Ce qui est au cœur du roman, inspiré d’une histoire vraie, est la prise de décision, individuelle ou collective, ainsi que la responsabilité qui en découle. La narratrice principale est une employée d’un Cross, le service de la Marine nationale chargé des opérations de sauvetage en mer.
Le récit, sous la forme d’un long monologue, s’ouvre sur le déroulement qu’elle fait de son interrogatoire par une capitaine de gendarmerie, suite à l’ouverture d’une enquête.

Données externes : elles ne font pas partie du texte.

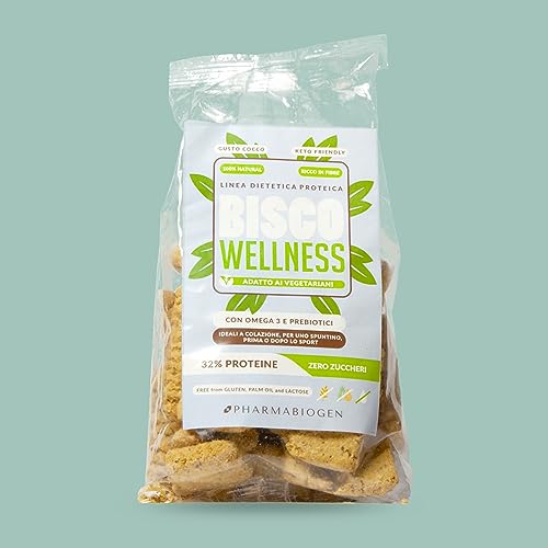 Biscotti proteici Low Carb “Bisco Wellness” con omega3 e prebiotici gusto Cocco. Vegano. Formato da 200g.

De quoi relève sa décision de ne pas envoyer les secours auprès de vingt-neuf migrants mal embarqués sur un zodiac en perdition : erreur d’appréciation, négligence voire inhumanité ?
La réponse, toujours la même, est que l’embarcation, soumise aux aléas de la météo, se trouvait entre deux eaux : française et anglaise. Le jeu de mot est de mise à propos de ce texte, car son personnage principal file la métaphore maritime : « La mer était calme sur le bureau, pas de vent et pas de houle, et à côté des corps seulement des papiers bien rangés à la surface ». Le monde du rivage résiste à celui de la mer, comme si cette dernière, incarnation du mal, était le reste du Déluge.
Sombre, l’humanité
Ce procédé rhétorique permet à l’auteur d’entrelacer deux déroulements, celui des événements et celui de la réflexion. En cela, le texte effectue un va et vient constant entre descente en singularité et montée en généralité, appréhension concrète du réel et conceptualisation abstraite. Les événements, relatés à hauteur d’individu, comme la noyade ressentie physiquement par l’un des migrants, font face à des principes rationnels, professionnels ou moraux.
L’autre entité plurielle mobilisée par le roman est la voix, siège de la personne humaine : voix concrètes de tel ou tel migrant, voix enregistrée de l’opératrice, voix diversement modulée de l’enquêtrice, faisant face à cette voix abstraite qu’est la parole : « L’important ce n’était pas qu’ils soient sauvés, c’était que moi, je sois sauvée, et avec moi tout le monde, par cette parole ». L’opératrice aura dit : « Tu ne seras pas sauvé », comme le précise la quatrième de couverture, parole qui entraine un triple naufrage, celui des migrants, le sien et finalement celui de l’humanité tout entière.
La parole de Vincent Delecroix est puissante et précise ; elle permet de réfléchir, hors de toute pensée dualiste et simplificatrice, l’engendrement réciproque de l’ordre et du chaos.